What is Linear Regression?

Think of linear regression as drawing the best possible straight line through a cloud of data points. We’re trying to understand how two things relate to each other:

  • Y (dependent variable): What we’re trying to predict or explain
  • X (independent variable): What we think affects Y

The whole point? Find that line that fits the data as well as possible.

The Math Behind It

Here’s what the model looks like mathematically:

\[Y_i = \beta_0 + \beta_1 X_i + \epsilon_i\]

Let me break this down:

  • \(Y_i\) is each actual data point we observe
  • \(\beta_0\) is where the line crosses the y-axis (the intercept)
  • \(\beta_1\) tells us how steep the line is (the slope)
  • \(X_i\) is our predictor value
  • \(\epsilon_i\) is the error term - basically the randomness we can’t explain (it follows a normal distribution with mean 0)
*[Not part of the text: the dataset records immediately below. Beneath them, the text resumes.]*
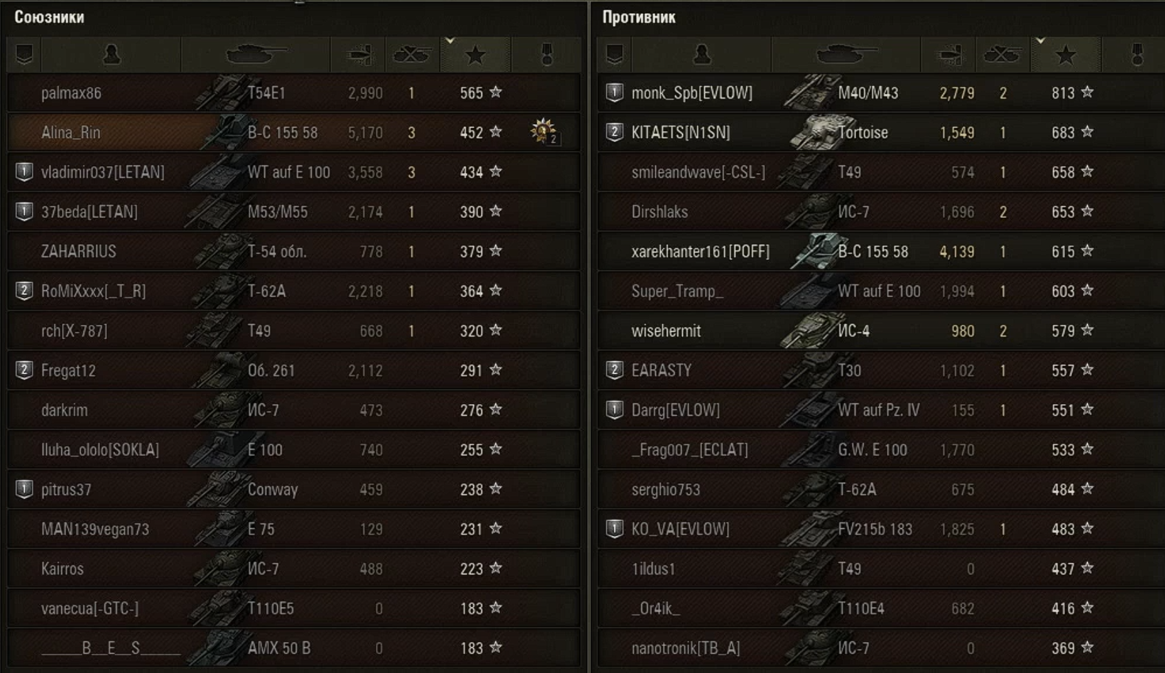 >>50698037 >Ведь есть статисты с винкой в 70%+, а вот реальныъх раков с винкой в 30% в рандоме нету. Даже если просто на респе стоять, то винка процентов 40-45 уж точно будет. Минимальную винки видел 28 или 30%, но не уверен бот это или нет. Хотя тот же бот стоящий тупо афк на базе будет иметь от 40 до 45% в зависимости от уровня боя. >Хотя по логике, разбросы от 50% в обе стороны должен быть примерно одинаковым. По логике да, но на практике это не так. Чтобы иметь винрейт ниже 40% нужно не иронично быть на уровне пиздоты или минимум фиолета с глубоким пониманием как нужно выигрвать бои. Даже клан очко взводом из трех человек поставили рекорд что то вроде 10 или 15% винрейта руиня бои.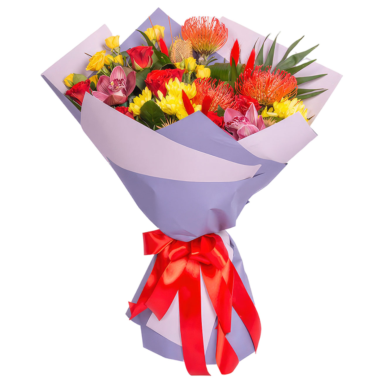 Роза кустовая желтая и красная, хризантема кустовая желтая, лейкоспермум, орхидея розовая, роза «Эль Торо», аспидистра, чико. Упаковка (лента, пленка, крафт, сетка, пленка матовая)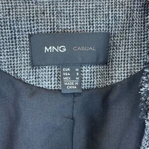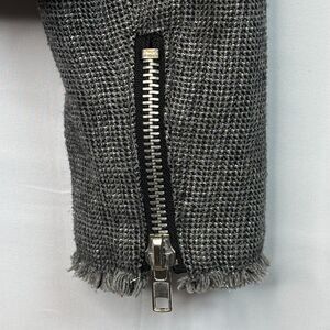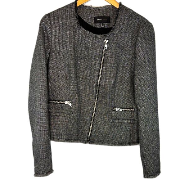 Womens MNG Casual Tweed Asymmetrical Blazer Metal Zippers Pockets Raw Hem Small

How Do We Find the Best Line?

We use something called “least squares” - which basically means we want to minimize how far off our predictions are. Here’s the formula:

\[SSE = \sum_{i=1}^{n}(Y_i - \hat{Y}_i)^2 = \sum_{i=1}^{n}(Y_i - \hat{\beta}_0 - \hat{\beta}_1 X_i)^2\]
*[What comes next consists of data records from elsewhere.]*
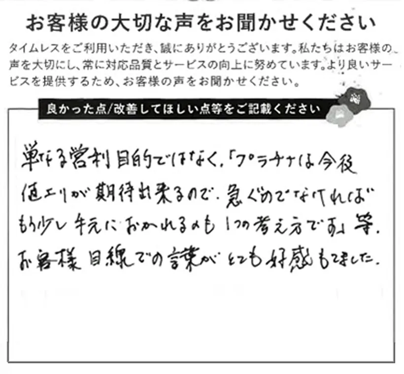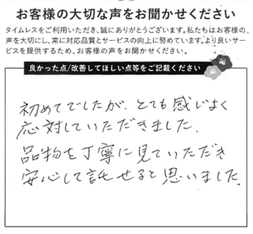 高価買取はもちろん、誠実な接客と透明な査定プロセスで、初めての方でも安心してお任せいただけます。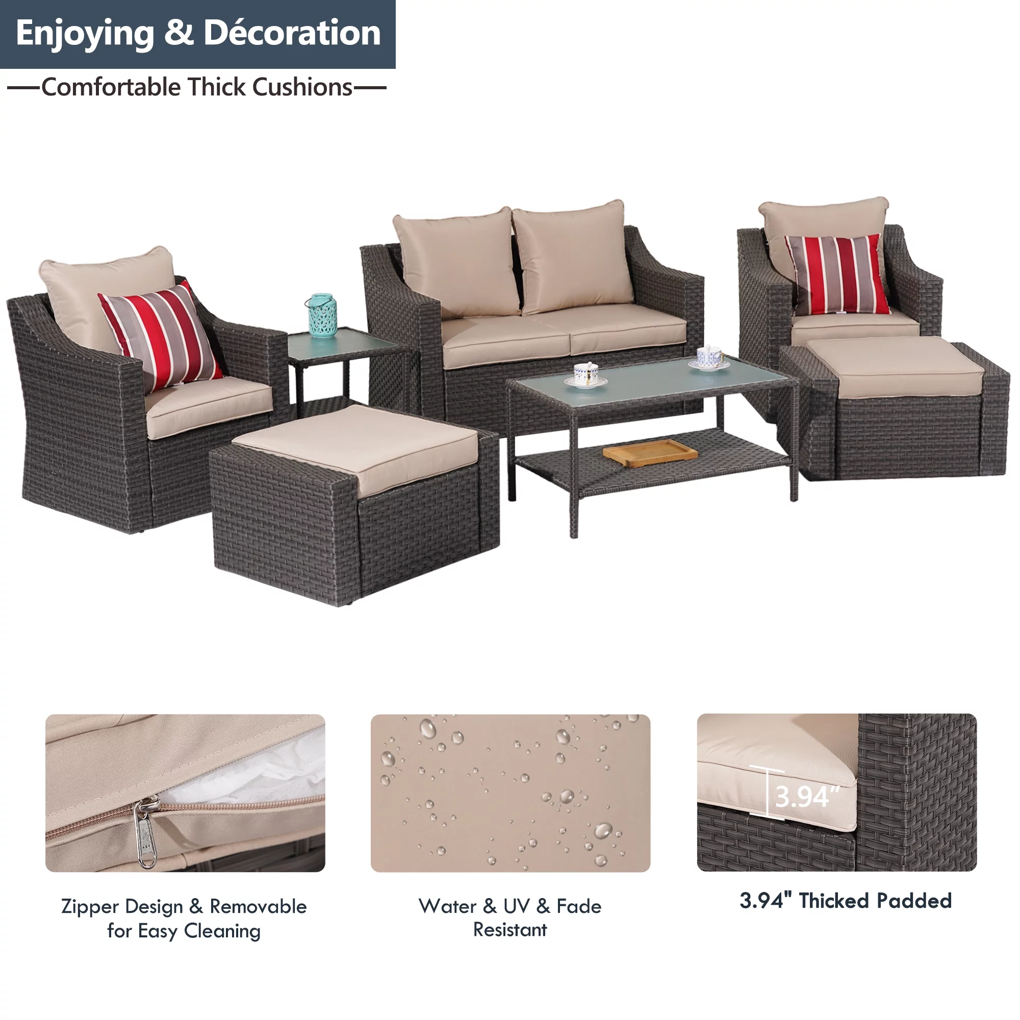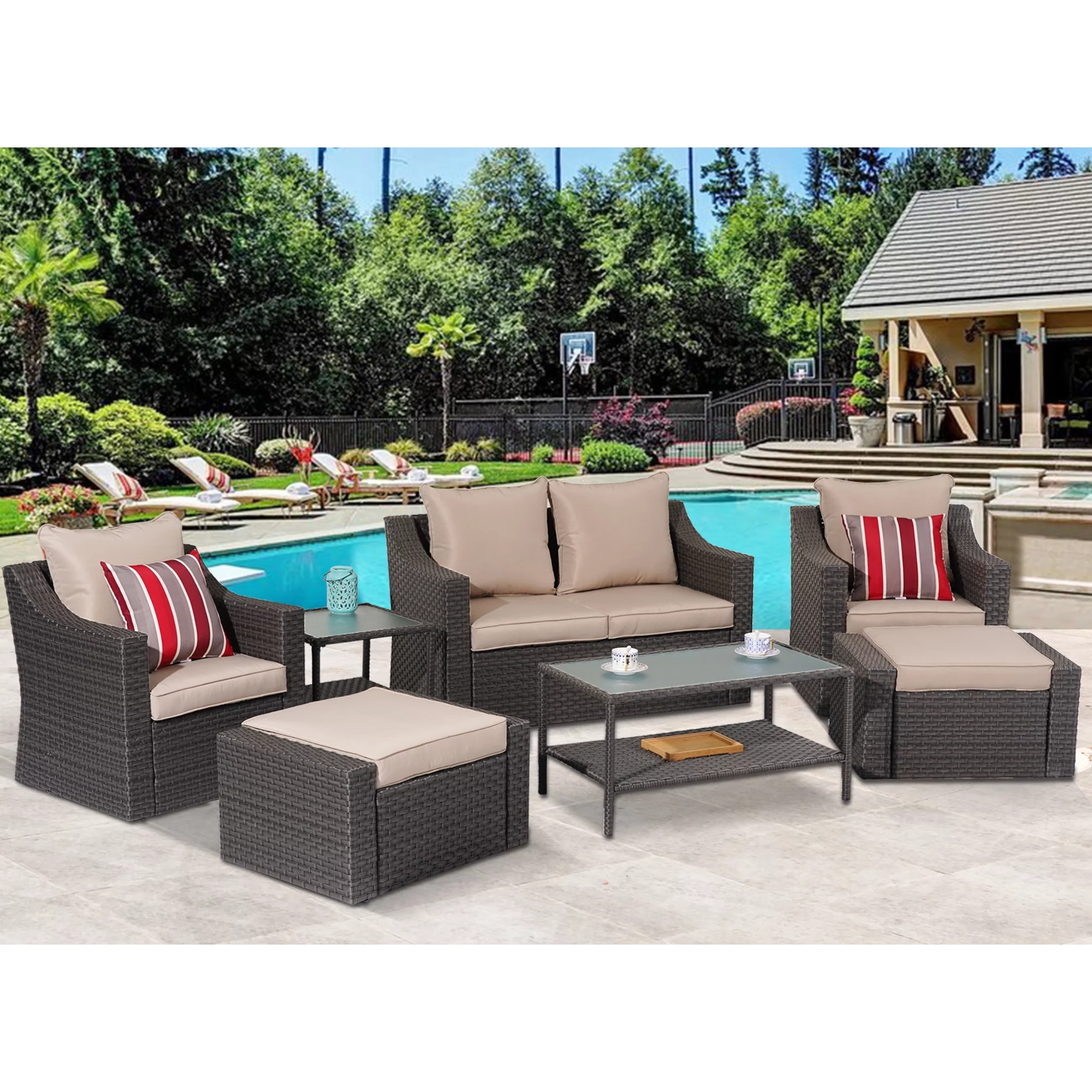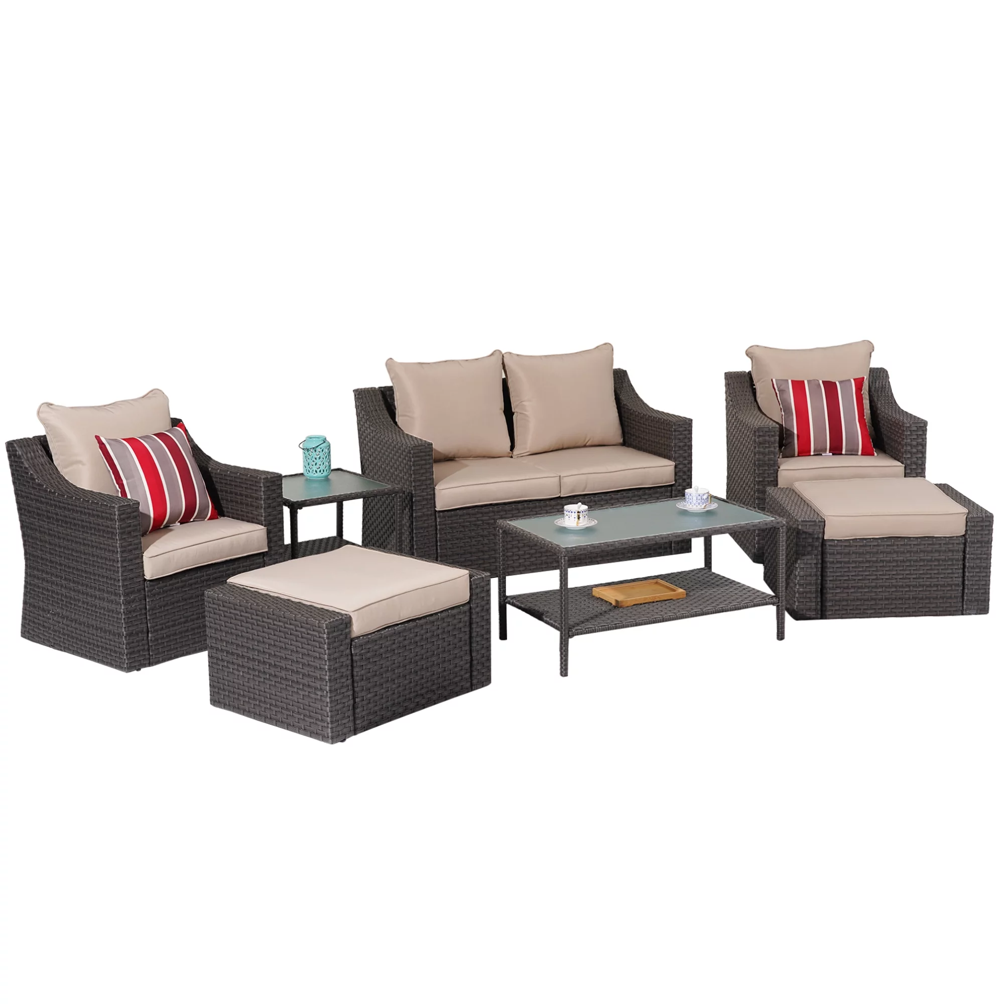 Superjoe 7 Pcs Outdoor Patio Furniture Sets All-Weather PE Rattan Wicker Sectional Sofa with Coffee Table, Brown - Curated Treasures Market
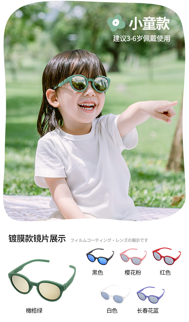 SHUKIKU儿童墨镜男女童太阳镜户外防晒防紫外线护目镜宝宝炫酷眼镜 白色(镀膜镜片) 小童款(3-6岁)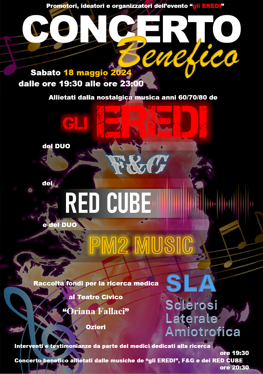 Sabato 18 maggio il Teatro Civico “Oriana Fallaci” di Ozieri, ospiterà “Pro Ricerca SLA”, serata di musica e solidarietà organizzata dalla band “Gli Eredi”

And here’s how we calculate the slope and intercept:

\[\hat{\beta}_1 = \frac{\sum_{i=1}^{n}(X_i - \bar{X})(Y_i - \bar{Y})}{\sum_{i=1}^{n}(X_i - \bar{X})^2}\]
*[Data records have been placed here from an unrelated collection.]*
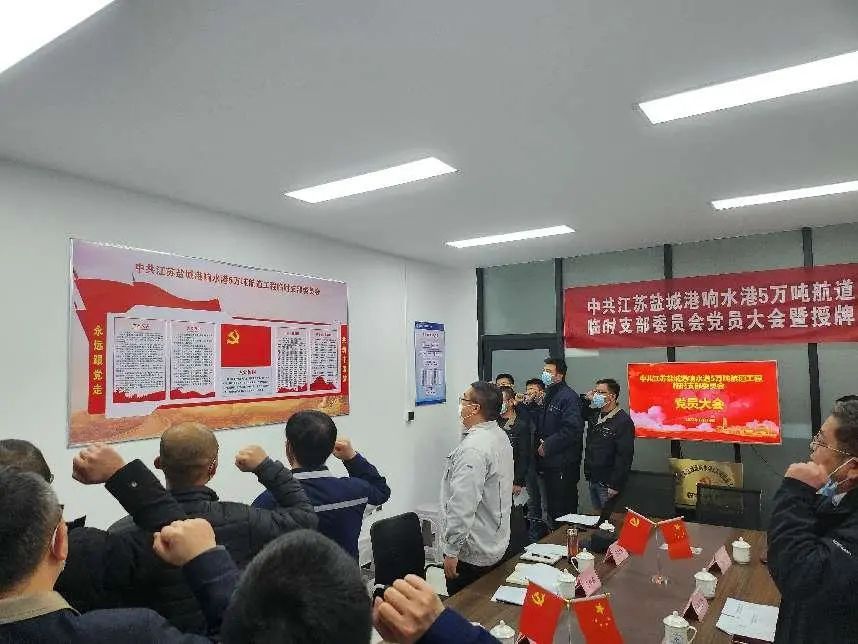 把黨旗插在項目建設第一線丨響水港5萬噸航道工程臨時黨支部正式成立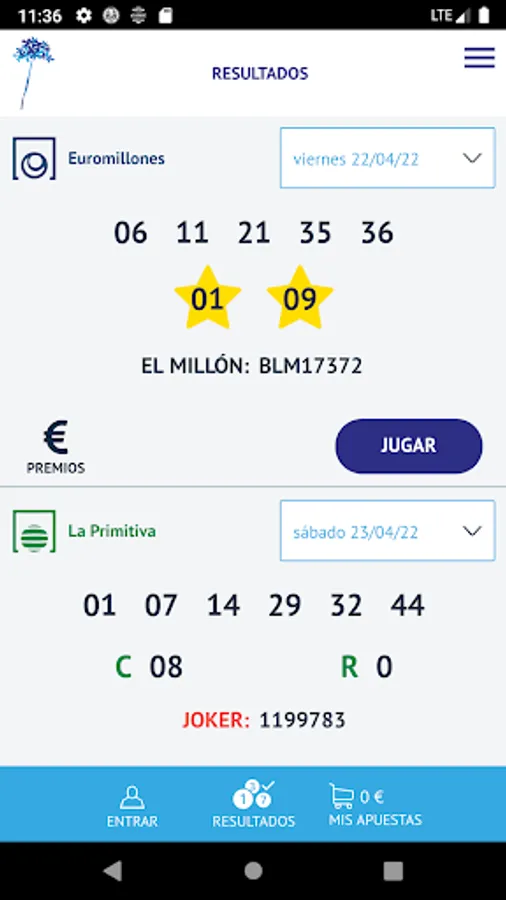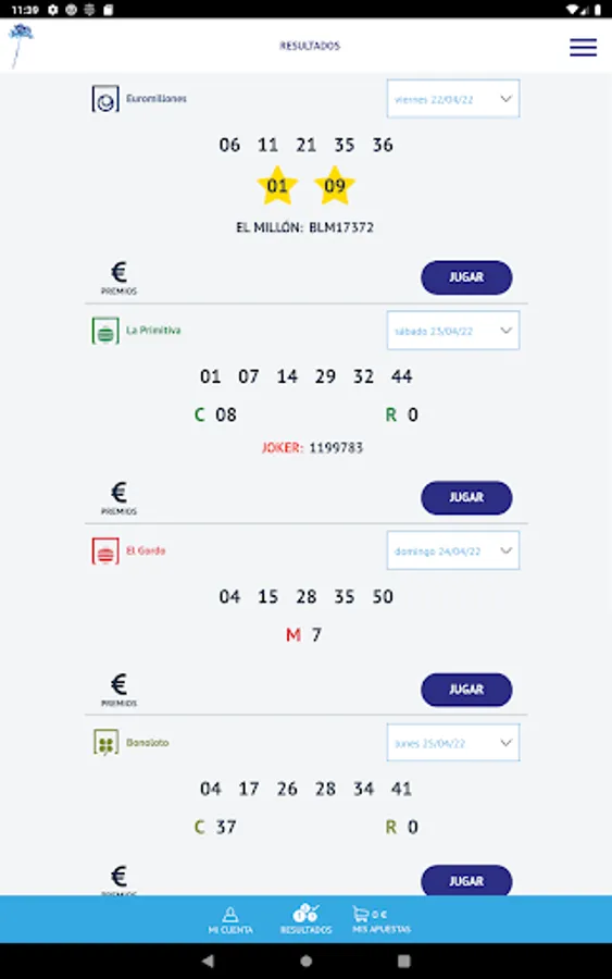 * Latest Results: Know the results of all national lotteries and bets (Spain) in real time.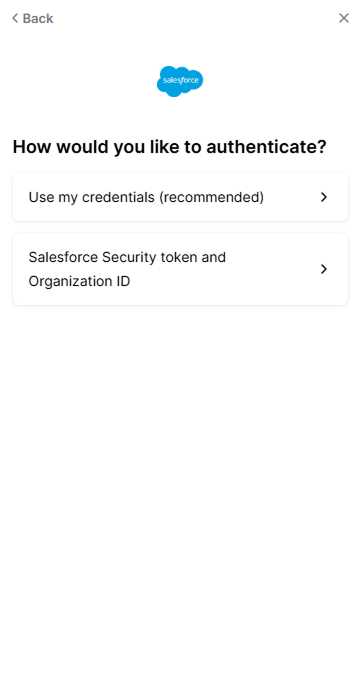 Note: If you’re authenticating with a Security Token and Organization ID, you’ll need your Salesforce username and password. The Security Token and your Salesforce Organization ID can be retrieved from your Salesforce settings.

\[\hat{\beta}_0 = \bar{Y} - \hat{\beta}_1\bar{X}\]

Let’s Look at Real Data

I’m using R’s built-in dataset about cars from the 1920s - it shows how fast they were going and how long it took them to stop:

# Load up the cars dataset
data(cars)
head(cars, 5)
##   speed dist
## 1     4    2
## 2     4   10
## 3     7    4
## 4     7   22
## 5     8   16

Running the Regression

Now let’s actually fit the model and see what we get:

# Run the regression - predicting distance from speed
model <- lm(dist ~ speed, data = cars)

# Show me the results
round(summary(model)$coefficients, 4)
##             Estimate Std. Error t value Pr(>|t|)
## (Intercept) -17.5791     6.7584 -2.6011   0.0123
## speed         3.9324     0.4155  9.4640   0.0000

Visualizing in 3D

Here’s a cool 3D view of what’s happening. You can see the actual data points and how our regression line fits through them:

The Classic Scatter Plot

Here’s the traditional 2D view with our regression line cutting through the data:

Note: The regression line extends below zero at very low speeds, but this model is only valid within the observed speed range (4-25 mph).

Checking Our Assumptions

This residual plot helps us see if there are any patterns we missed. Ideally, these points should be randomly scattered around zero:

There’s a slight pattern here (the curve) suggesting the relationship might not be perfectly linear, but it’s close enough for our purposes.

What Does This All Mean?

# Pull out the coefficients
coef(model)
## (Intercept)       speed 
##  -17.579095    3.932409

So our equation is: \(\hat{dist} = -17.58 + 3.93 \times speed\)

What this tells us:

  • Every time speed goes up by 1 mph, the car needs about 3.93 more feet to stop
  • Our R² is 0.651, which means speed explains about 65% of why stopping distances vary
  • Both numbers are statistically significant (p-values way below 0.05), so this relationship isn’t just random chance

Wrapping Up

Main points to remember:

  • Linear regression helps us understand and predict relationships between variables
  • We find the best line by minimizing squared errors (least squares method)
  • Always check your residuals to make sure your model makes sense
  • In our example, there’s clearly a strong connection between how fast you’re going and how long it takes to stop

Where is this used? Pretty much everywhere - economics, biology, engineering, social sciences, you name it!